Campus-Web Bewertung: 2,5/5
   
Ja ja, Filmanimationen können unglaublich erfolgreich sein, besonders wenn sie gut gemacht sind. Ende 2004 zeigte Robert Zemeckis allen, wie so was geht: sein „Polarexpress“, der erste komplett mit dem „Performance Capture“-Verfahren gedrehte Film, wurde immerhin für drei Oscars und einen Golden Globe nominiert, Hauptdarsteller Tom Hanks konnte immerhin einen Bambi mit nach Hause nehmen. In dieser Hinsicht also ein äußerst erfolgreicher Film. Nun legt Zemecki nach – und zwar mit viel Bombast. Seine Verfilmung des uralten Heldenepos „Beowulf“ setzt auf eine weiter verbesserte Technik und eine beachtliche Schauspielerriege. Reicht das aber für einen guten Film?

Diese Frage ist in der Tat sehr schwierig zu beantworten, nicht zuletzt aufgrund des „Performance Capturings“. Denn trotz einer hervorragenden Technik kommen viele Szenen immer noch sehr künstlich daher.

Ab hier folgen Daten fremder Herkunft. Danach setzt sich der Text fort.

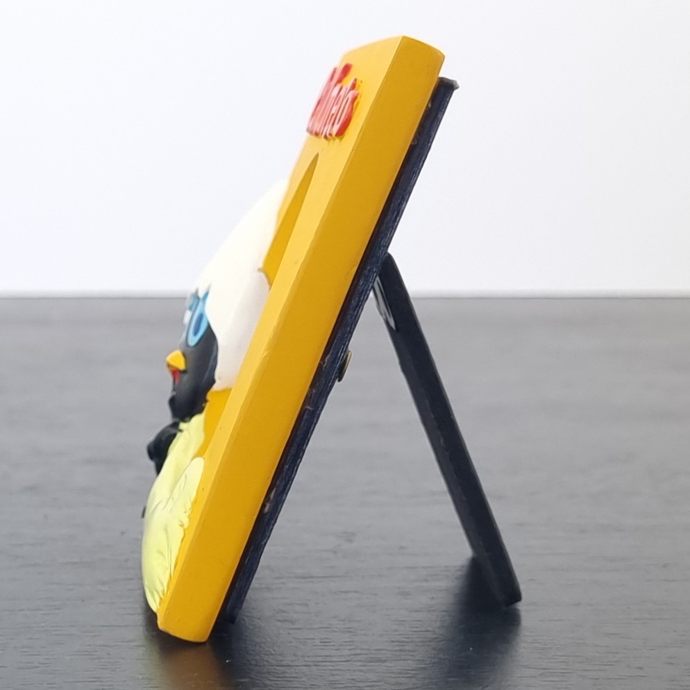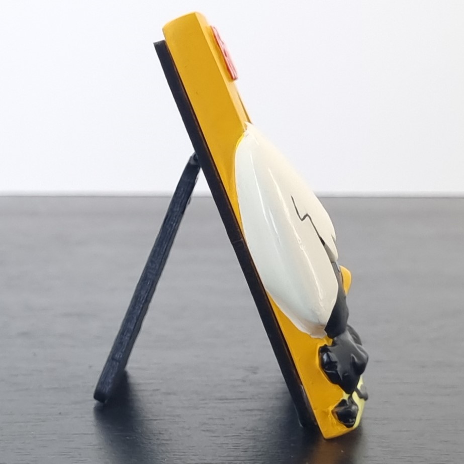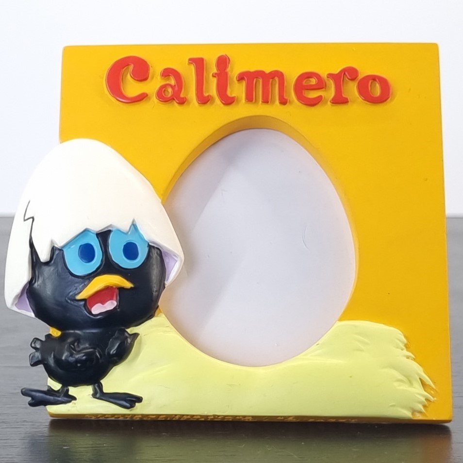 Vintage picture frame of Calimero, crafted by Tropico Diffusion under Pagot’s license. Part of Tropico Diffusion’s Avenue of the Stars collection. Dates back to the 1990s. Crafted from durable resin, it remains in excellent condition. Bring a burst of charm to your space with this playful orange Calimero picture frame! Calimero stands proudly beside a nest, where the “egg” at the center is actually the perfect spot for your favorite photo. Above it all, his name pops in bold red letters, adding a touch of classic character flair. It’s a fun and creative way to frame your memories. Ideal for fans of retro cartoons or anyone who loves a unique display!

Besonders Nahaufnahmen von Nebencharakteren oder der Schönheiten Wealthow (Robin Wright Penn) und Ursula (Alison Lohmann) offenbaren den Animationscharakter der Figuren, was gerade bei einem Actionspektakel doch etwas störend wirkt und die Illusion des Films zerstört. Auf der anderen Seite muss einfach auch lobend erwähnt werden, dass insbesondere Beowulf (Ray Winstone) und die Monster wirklich hervorragend gelungen sind. Nahaufnahmen des Heldengesichts sind von einem Detailreichtum, der fast vergessen lässt, dass es sich um computergenerierte Züge handelt. Und was Grendel (Crispin Glover) und dessen Mutter (Angelina Jolie) angeht, so hat man selten etwas Eindrucksvolleres im Kino gesehen.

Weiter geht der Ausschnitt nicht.